Getting Started: Freelance Graphic Design

May 26, 2008
By Aaron Sanfillippo, Hoffman Estates, IL

In today’s world, graphic designers are wanted more and more for almost any job, big or small. There are many opportunities to make money out there, and with the proper skills you can take advantage of those opportunities fairly easily with a few words of guidance.

To begin with, you’ll have to know what you’re capabilities are as a graphic designer. Are you a rookie designer, intermediate, professional? You’ll have to decide for yourself honestly so you know what kinds of clients you’re going to be able to talk to and what kind of jobs you are going to focus on looking for. What design programs are you familiar with? You can accomplish many jobs with PhotoShop, the most common image editing and design program, so that should be one of the programs that you know how to work with. One thing you don’t want to do is contact a client about a project that is out of your league skill-wise.

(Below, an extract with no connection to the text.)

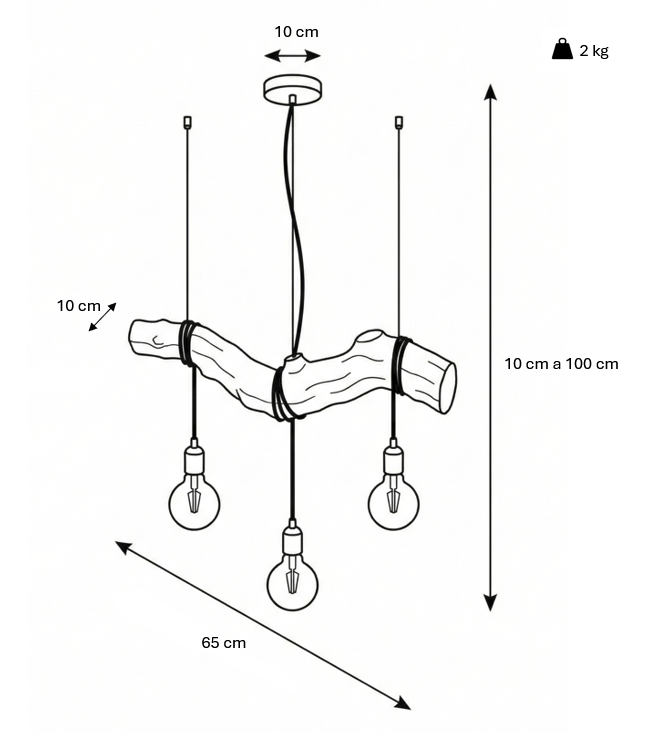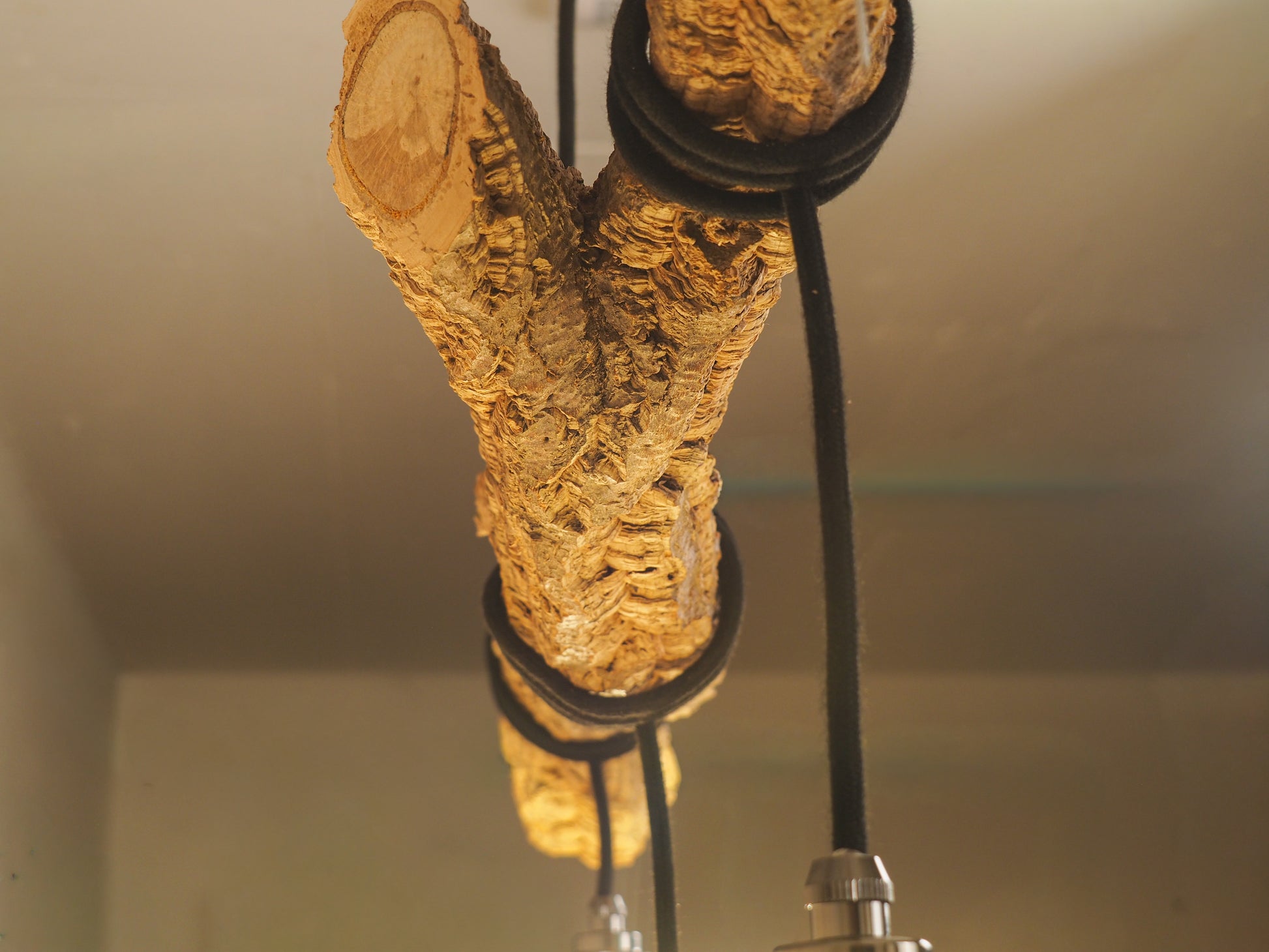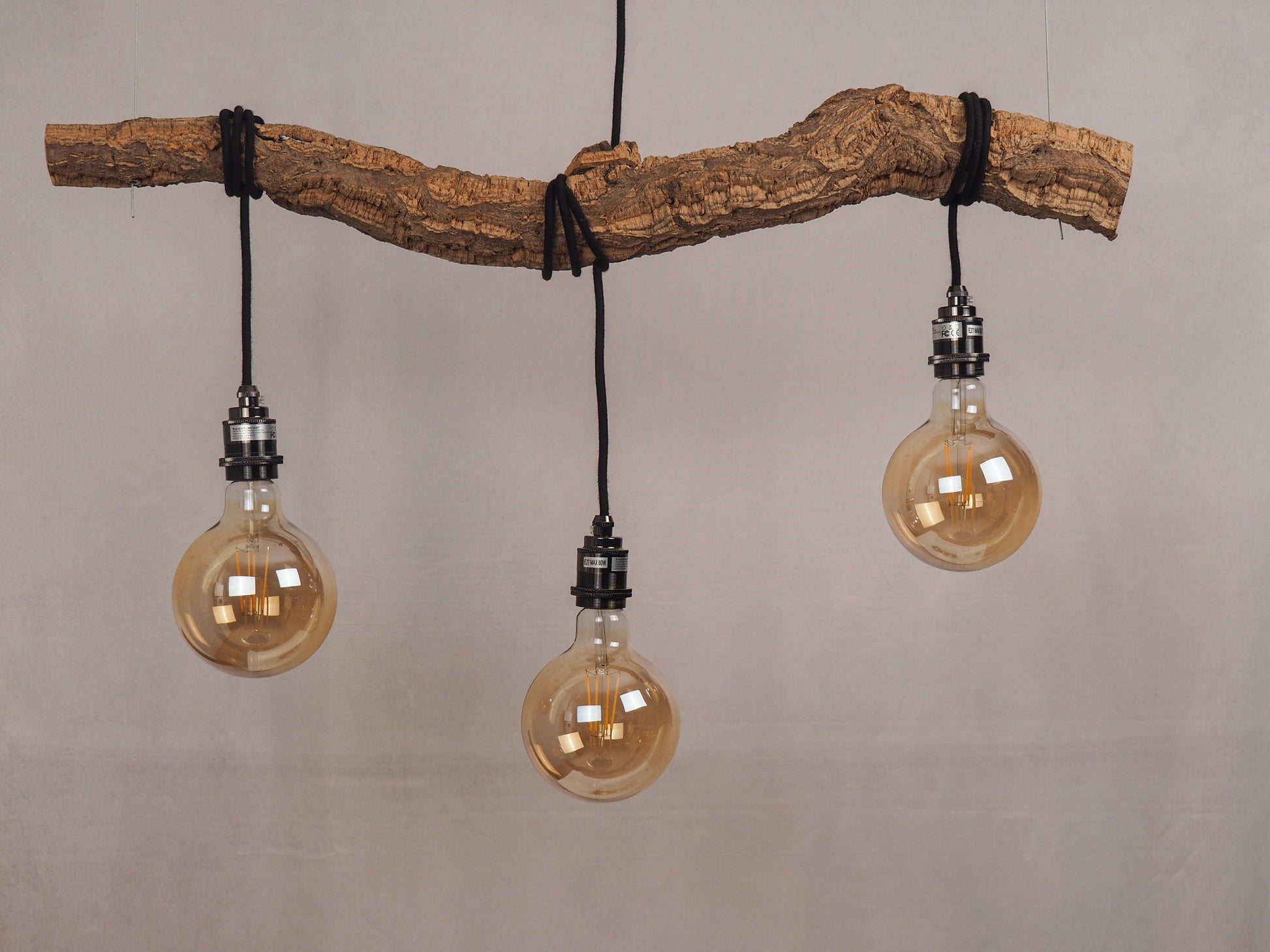 Três lâmpadas de LED suspensas descem de forma desalinhada. Antes de cair, o fio envolve o tronco, criando voltas intencionais que introduzem ritmo, tensão e movimento. Nada é excessivamente alinhado ou simétrico. A luz encontra o seu caminho de forma natural.

You’ll want to know what kind of projects you are willing to take on whether it’s web site design, logo design, flash animation, or illustrations, just to name a few. Each type of project take different amounts time so be sure to consider the amount of time (depending on what the client wants) you have. As you progress with freelance jobs you’ll find out that you need to make time for work and for your personal life. Try not to blend the two together; you don’t want to get your personal relationships in the way of your work and vice-versa. You’ll learn that you need to keep an organized schedule so you can balance everything out. Most clients want their jobs to be finished fast so they can move on with their own businesses. Others may not care too much, but you don’t want to keep them waiting on you.

Once you know what kind of job you want to focus on you can go a few different routes to getting yourself some work. If you’re looking for some quicker jobs you will want to look on the internet for job posting boards. There are many different websites that allow businesses and other types of clients to post their jobs online. From there you can contact them about the work and after showing them your previous artwork you may end up with the job! If you don’t choose to go through the internet, you can always talk to someone face-to-face from a local business.

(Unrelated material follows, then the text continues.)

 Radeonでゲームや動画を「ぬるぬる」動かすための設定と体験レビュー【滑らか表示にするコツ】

As soon as you find your job you should agree with the client on how you will be paid whether it’s an hourly wage or a flat rate; most of the time you’ll end up with a flat rate decision with your clients. One of the most important tasks in freelancing is communication with your client. You should always keep your clients up to date with what you’re doing with their project; never let them feel like they aren’t cared about. If you do, you probably shouldn’t expect to get another job from them. With that said, never pull out the disrespect card. Not once during a project should your client feel disrespected. If you fail to abide by this rule you’ll risk losing their project or ever getting a project from them again. On the other hand, if you are respectful during your time with your client, you may be asked to work on something else from them. Keeping in touch with your past clients can lead to future work and you might even be referred to other new clients through the clients you have already worked with.

In the end, you’ll be able to make a good amount of money if you know what you’re doing. Some projects will push you to your limits and you might feel like you should have been paid more while other projects will seem like a steal. The only way to get better at what you’re doing is by experience and practice so run off to your computer and get ready to make some money!